Holding people accountable for their Brier scores in tournaments might not seem a sharp break from what we routinely do in everyday life. Don’t we already hold each other accountable for the accuracy of our opinions? We do, sometimes. But we tend to be sloppy and conflate goals.
Accurately appraising reality is only one of a number of difficult-to-disentangle functions our opinions serve in everyday life. We also use our opinions to signal our membership in communities of co-believers.17 Members in good standing of any self-respecting ideological tribe are supposed to line up their beliefs about which policies on taxation or school vouchers or the Middle East will deliver good or bad results to which deserving groups. Adopting the views of our co-believers and distancing ourselves from non-believers are the obvious, low-effort, low-risk strategies for coping with such a world. Why bother thinking through issues on your own if your first reward for doing so is to be marginalized by the people whose esteem you most value? Imagine you are a scientist who sets aside time to sift through reports of the Inter-Governmental Panel on Climate Change and you emerge 70 percent confident that global temperatures will be in line with their projections. In the eyes of many, you have just signaled: “30 percent of me is flirting with the denialists.” It is easier and safer to declare: I stand with my tribe.”
All this implies that it won’t be easy to persuade people to sign up and stick with tournaments. Making it even harder, most people are, deep down, “naïve realists” who don’t appreciate the messy mix of functions their opinions serve. They feel they already are “objective” and resent implications to the contrary.18 They see no big gain, and considerable inconvenience, from joining tournaments that require stepping outside their familiar world in which co-believers help each other keep score—and entering an alien world in which accuracy trumps affinity.
Like financial markets, tournaments are impersonal mechanisms that reward cognitively unnatural acts, like second-guessing ourselves and looking for ways we could be wrong before others spot our blindspots for us.19 If we could institutionalize this sort of constructive competition in policy debates, it should, in theory, jumpstart a virtuous circle of “cognitive-debiasing” benefits. It should check confirmation bias, over-confidence and belief perseverance by encouraging us to take third-party perspectives on our own thought processes, to explore why others see things differently, and to weigh arguments dispassionately. It should help to pry open closed minds by checking our tendencies to retreat into echo chambers that restrict access to dissonant but predictively useful news. And it should tamp down the volume on the sorts of ideological over-claiming that plays well among true believers but, taken seriously, degrades predictive accuracy.
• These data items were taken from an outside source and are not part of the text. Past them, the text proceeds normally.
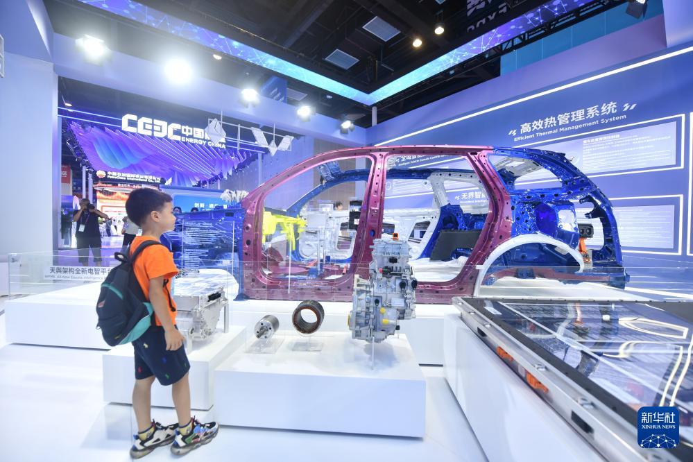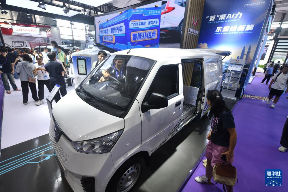 在南宁国际会展中心,观众参观一款柳州产的纯电动商用车(9月20日摄)。
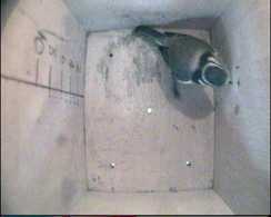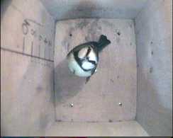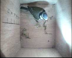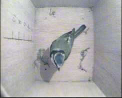 Elizabeth reckoned that a bird would soon go into the box. It did, and we watched several visits on the TV. Almost the first time it went into the box, it tried to get up to where the camera is. It managed to peck at the lens once, but it normally could get a grip on anything to stay there. Its behaviour is just the same as last year's bird, and we are wondering if it could be the same one. (See the diary for March 2001 to read about our problems with the bird attacking the camera). We have the TV sound turned on, and we can recognise that familiar noise as a bird lands on the entrance to the box, and goes in.
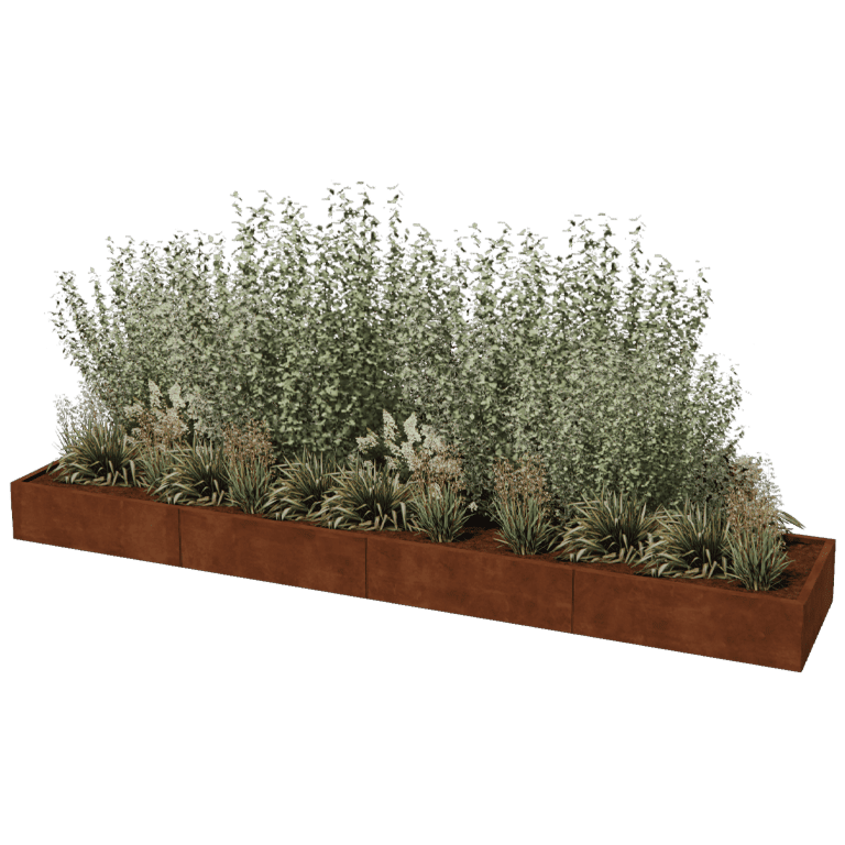 Šis augu pods ir modulārs tērauda augu pods, kas tiek piegādāts kā būvniecības komplekts. Pods tiek veidots no atsevišķiem paneļiem un stūriem. Podus var pilnībā savienot bez redzamām stiprinājumiem. Mūsu modulārā sistēma ļauj izveidot arī ļoti lielus izmērus. Izmantojot stūrus, ir iespējamas unikālas formas, kuras citur nav pieejamas. Skatiet rokasgrāmatu, lai iegūtu vairāk informācijas.
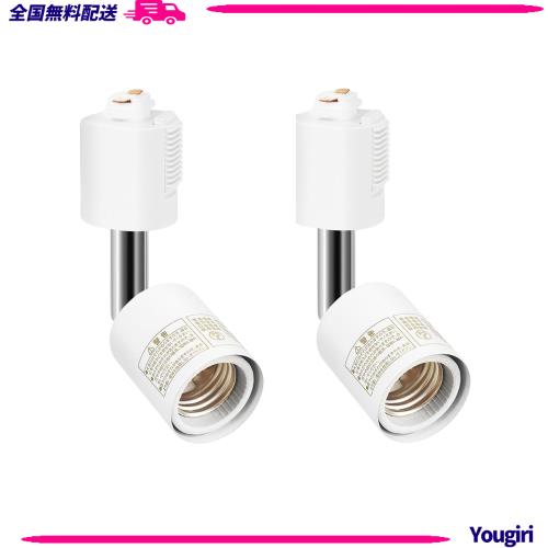 Pispoer ダクトレール用ライト、E26口金、電球なし、ライティングレール 照明、配線ダクトレール用器具、照射角度調節可能、白い、2個セ
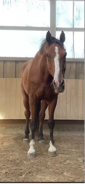 Large, gentle gelding for groundwork or leisure for sale. Unfortunately, he has a handicap that prevents him from being ridden properly. Further details upon request.
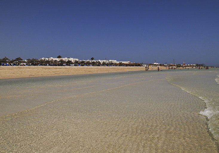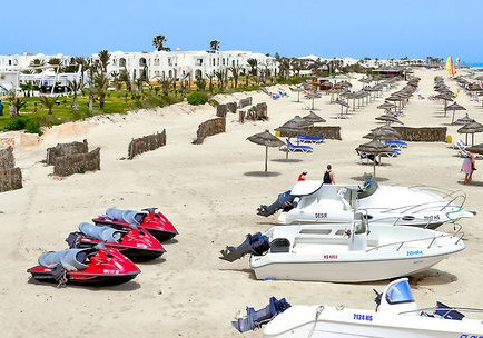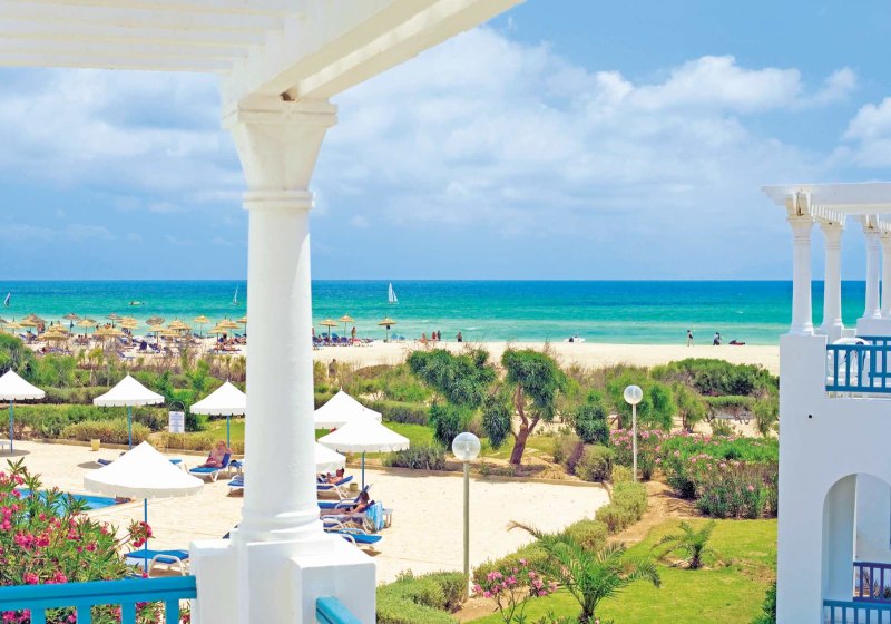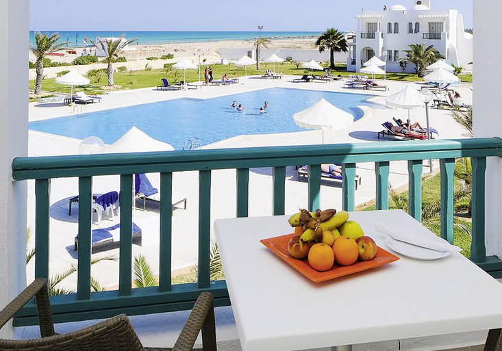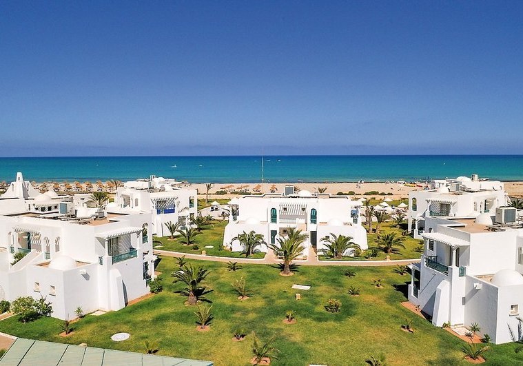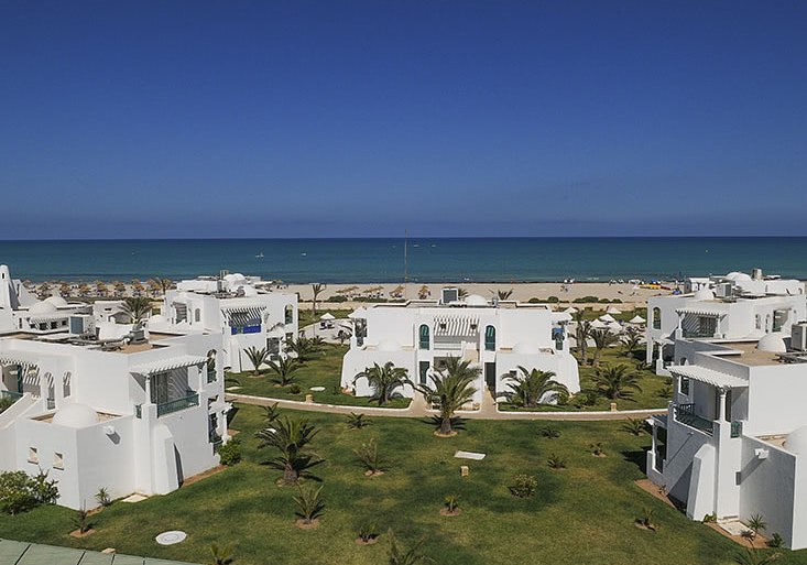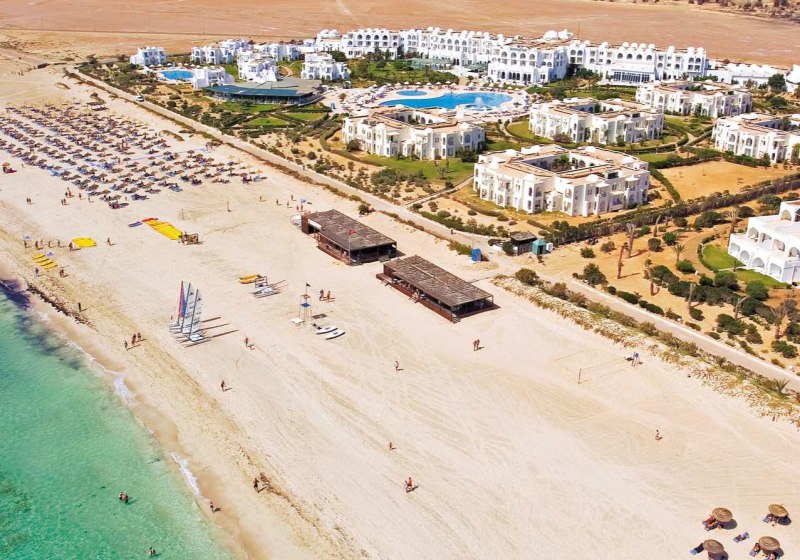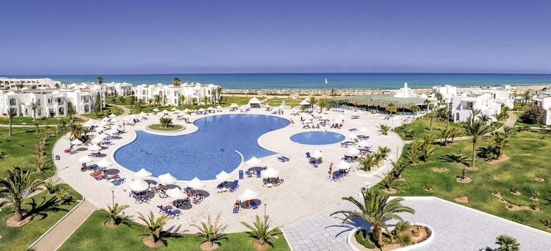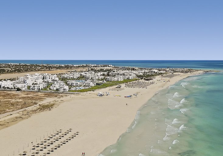 Ihr residiert auf Djerba direkt am Sandstrand; der Blick geht über flaches Küstenland und das Meer. Bis Houmt Souk sind es rund 25 Kilometer, der Flughafen liegt etwa 32 Kilometer entfernt. Das Gelände umfasst ca. neun Hektar, die Wege bleiben dabei übersichtlich und gut strukturiert.
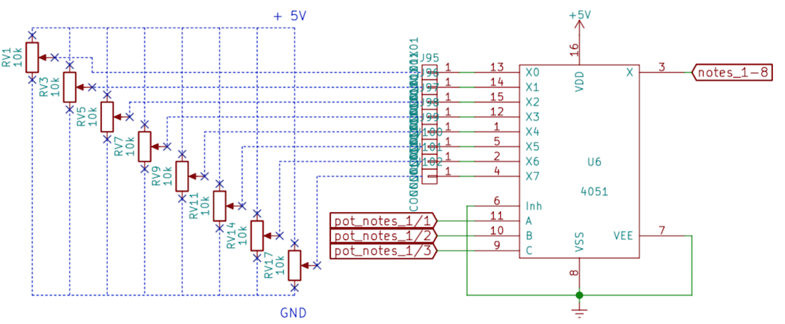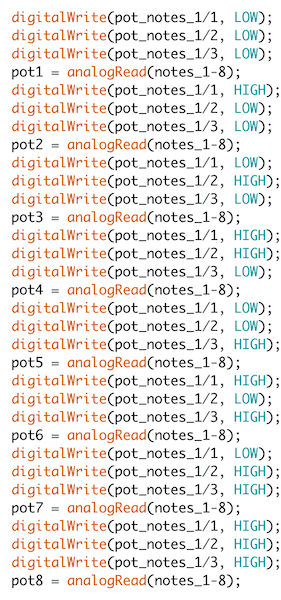 Afin de pouvoir gérer tous les potentiomètres, j'ai dû utiliser une technique pour disposer de plus d'entrées analogiques sur mon Arduino, car celle-ci n'en possédant que 16 je pouvais certes gérer tous les potentiomètres liées aux réglages des notes sur chaque pas, mais je n'aurai pas pu ajouter d'autres potentiomètres. J'ai donc utilisé des multiplexeurs, plus précisément des CD4051, qui fonctionnent comme des sélecteurs contrôlés sur trois pins par des informations de type numérique (0 ou 1). Cela me permettait de connecter 8 potentiomètres sur un circuit intégré et grâce à trois sorties numériques de l'Arduino, de sélectionner l'entrée du multiplexeur à lire sur une entrée analogique de ma carte. Pour lire les valeurs des tensions sur les 8 potentiomètres, il suffit de créer un algorithme envoyant d'abord au multiplexeur, sur ses 3 pins de contrôle, les valeurs nécessaires pour sélectionner la première entrée, puis de lire la tension à la sortie du multiplexeur (ce qui équivaut à la tension délivrée par le premier potentiomètre), puis d'envoyer les valeurs nécessaires pour lire la deuxième entrée et ainsi de suite (comme le montre le schéma et le code Arduino ci dessous).
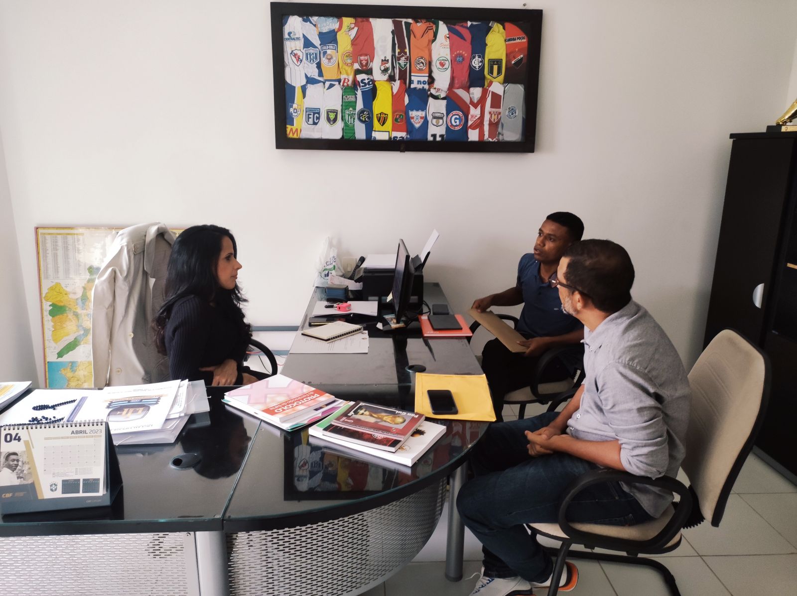 Na oportunidade, Adriano apresentou à dirigente o Presidente da Liga de Santanópolis, Kelson Quirino. O desportista busca a filiação da liga à FBF.

Instead of hunkering down into a defensive crouch when we get unexpected news about our favorite candidate, we would learn, gradually less grudgingly, to say to ourselves: “Well, I might be wrong.” In conversations with others, we would start sounding less like hedgehogs and more fox-like. EPJ never promised an easy metamorphosis, but it implied that tournaments would help debates converge faster on trans-ideological truths.20
Yet the question lingers: how can we jumpstart a process that calls on people to give up old cognitive habits and take on new social risks? Given the common view of EPJ as an elite-debunking exercise, it may surprise some readers to learn that tournaments to date owe their successes more to top-down interventions of elites than to bottom-up effusions of enthusiasm from the masses.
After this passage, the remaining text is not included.